Sichuan Airlines Co., Ltd. () is a Chinese airline based in Chengdu Shuangliu International Airport in Chengdu, Sichuan Province, and is the largest airline in western China, operating mainly scheduled domestic and international flights out of Chengdu Shuangliu Airport, Chongqing Jiangbei International Airport and Kunming Changshui International Airport.

History 
The airline was established on 19 September 1986 as Sichuan Airlines Company, its first flight was on 14 July 1988 between Chengdu and Wanzhou.

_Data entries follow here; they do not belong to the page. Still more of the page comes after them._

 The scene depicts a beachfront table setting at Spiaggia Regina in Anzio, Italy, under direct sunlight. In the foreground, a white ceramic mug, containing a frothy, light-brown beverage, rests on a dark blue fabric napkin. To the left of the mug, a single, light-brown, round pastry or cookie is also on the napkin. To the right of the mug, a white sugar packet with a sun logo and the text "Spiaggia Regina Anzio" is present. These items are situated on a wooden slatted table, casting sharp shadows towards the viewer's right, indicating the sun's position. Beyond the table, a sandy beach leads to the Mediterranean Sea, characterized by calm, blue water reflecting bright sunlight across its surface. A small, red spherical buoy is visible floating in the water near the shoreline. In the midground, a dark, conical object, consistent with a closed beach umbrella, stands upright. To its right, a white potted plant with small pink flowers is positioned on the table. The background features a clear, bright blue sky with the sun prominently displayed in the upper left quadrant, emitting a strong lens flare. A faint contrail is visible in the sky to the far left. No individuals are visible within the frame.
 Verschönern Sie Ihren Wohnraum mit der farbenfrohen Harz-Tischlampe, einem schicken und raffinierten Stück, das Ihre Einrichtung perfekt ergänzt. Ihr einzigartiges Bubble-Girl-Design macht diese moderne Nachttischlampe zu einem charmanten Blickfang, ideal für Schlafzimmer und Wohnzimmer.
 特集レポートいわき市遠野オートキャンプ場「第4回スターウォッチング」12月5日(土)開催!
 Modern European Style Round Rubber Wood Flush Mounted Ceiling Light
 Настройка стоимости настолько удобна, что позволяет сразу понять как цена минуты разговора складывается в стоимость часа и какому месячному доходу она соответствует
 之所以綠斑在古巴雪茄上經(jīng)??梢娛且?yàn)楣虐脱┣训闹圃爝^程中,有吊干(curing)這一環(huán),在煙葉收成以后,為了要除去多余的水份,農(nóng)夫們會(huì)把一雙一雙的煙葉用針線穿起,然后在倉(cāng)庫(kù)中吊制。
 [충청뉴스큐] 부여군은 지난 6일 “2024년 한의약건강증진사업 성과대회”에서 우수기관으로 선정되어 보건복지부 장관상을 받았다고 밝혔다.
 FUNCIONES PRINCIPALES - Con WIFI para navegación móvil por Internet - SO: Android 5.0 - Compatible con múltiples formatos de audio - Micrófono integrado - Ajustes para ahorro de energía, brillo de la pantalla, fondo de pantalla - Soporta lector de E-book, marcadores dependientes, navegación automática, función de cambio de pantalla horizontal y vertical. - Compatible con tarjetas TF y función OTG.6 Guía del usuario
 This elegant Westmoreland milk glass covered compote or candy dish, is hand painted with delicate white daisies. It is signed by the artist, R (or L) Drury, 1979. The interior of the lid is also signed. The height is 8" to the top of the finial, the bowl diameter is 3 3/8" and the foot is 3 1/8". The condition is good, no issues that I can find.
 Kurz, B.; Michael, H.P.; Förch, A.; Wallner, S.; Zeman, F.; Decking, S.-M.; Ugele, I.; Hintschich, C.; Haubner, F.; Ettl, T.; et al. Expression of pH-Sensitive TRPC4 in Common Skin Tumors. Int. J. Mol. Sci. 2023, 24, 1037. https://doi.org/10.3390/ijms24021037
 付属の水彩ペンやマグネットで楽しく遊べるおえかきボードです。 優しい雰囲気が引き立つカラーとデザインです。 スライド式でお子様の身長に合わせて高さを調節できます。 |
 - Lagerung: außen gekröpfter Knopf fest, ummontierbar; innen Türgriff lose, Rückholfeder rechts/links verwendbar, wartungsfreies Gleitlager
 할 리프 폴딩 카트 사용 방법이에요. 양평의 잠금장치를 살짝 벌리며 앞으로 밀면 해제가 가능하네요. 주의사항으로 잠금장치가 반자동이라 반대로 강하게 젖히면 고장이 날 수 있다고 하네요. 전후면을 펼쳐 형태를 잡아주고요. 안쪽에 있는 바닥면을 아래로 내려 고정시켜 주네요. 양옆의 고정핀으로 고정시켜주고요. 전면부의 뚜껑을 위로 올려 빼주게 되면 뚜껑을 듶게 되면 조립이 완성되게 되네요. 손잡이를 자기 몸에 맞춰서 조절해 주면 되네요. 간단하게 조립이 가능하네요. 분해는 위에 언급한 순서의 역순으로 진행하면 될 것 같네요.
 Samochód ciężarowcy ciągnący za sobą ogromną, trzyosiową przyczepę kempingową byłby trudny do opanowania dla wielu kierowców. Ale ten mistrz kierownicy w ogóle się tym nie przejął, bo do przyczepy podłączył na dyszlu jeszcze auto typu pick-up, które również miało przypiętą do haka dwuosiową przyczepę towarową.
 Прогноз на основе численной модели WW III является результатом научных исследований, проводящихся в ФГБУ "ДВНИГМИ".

The airline was later restructured as Sichuan Airlines Co., Ltd. on 29 August 2002, in which the Sichuan Airlines Co., Ltd. Group became the major shareholder (40%). The other shareholders are China Southern Airlines (39%), China Eastern Airlines (10%), Air China Group (10%) and Chengdu Gingko Restaurant Co. (1%).

Corporate affairs

Operations 
Sichuan Airlines' corporate headquarters is located in its hub Chengdu Shuangliu International Airport in Shuangliu District, Chengdu, Sichuan, and its secondary hubs are at Chongqing Jiangbei International Airport and Kunming Changshui International Airport.

Subsidiary 
Sichuan Airlines owns Chengdu Airlines as its subsidiary, which also has its hub at Chengdu Shuangliu International Airport. Chengdu Airlines was formerly named as United Eagle Airlines, and was changed to Chengdu Airlines to help lift the image of Chengdu on behalf of the city's government, according to an anonymous official of Sichuan Airlines. In late 2009, Sichuan Airlines sold some of its share of Chengdu Airlines to aircraft manufacturer Comac and the Chengdu Communications Investment Group. Chengdu Airlines is planned to become the first operator of the Comac ARJ21.

Branding 
Sichuan Airlines' logo is a haiyan () that is soaring with high temperament, symbolizing the company's entrepreneurial spirit. The circle represents the earth and the four wave patterns represents a hundred rivers going into the sea and carrying back virtues, corresponding to the core values of Sichuan Airlines' "truthfulness, goodness, beauty, love", symbolizing that Sichuan Airlines takes off from the inland and connects the stability of land civilization and the outward development of marine civilization.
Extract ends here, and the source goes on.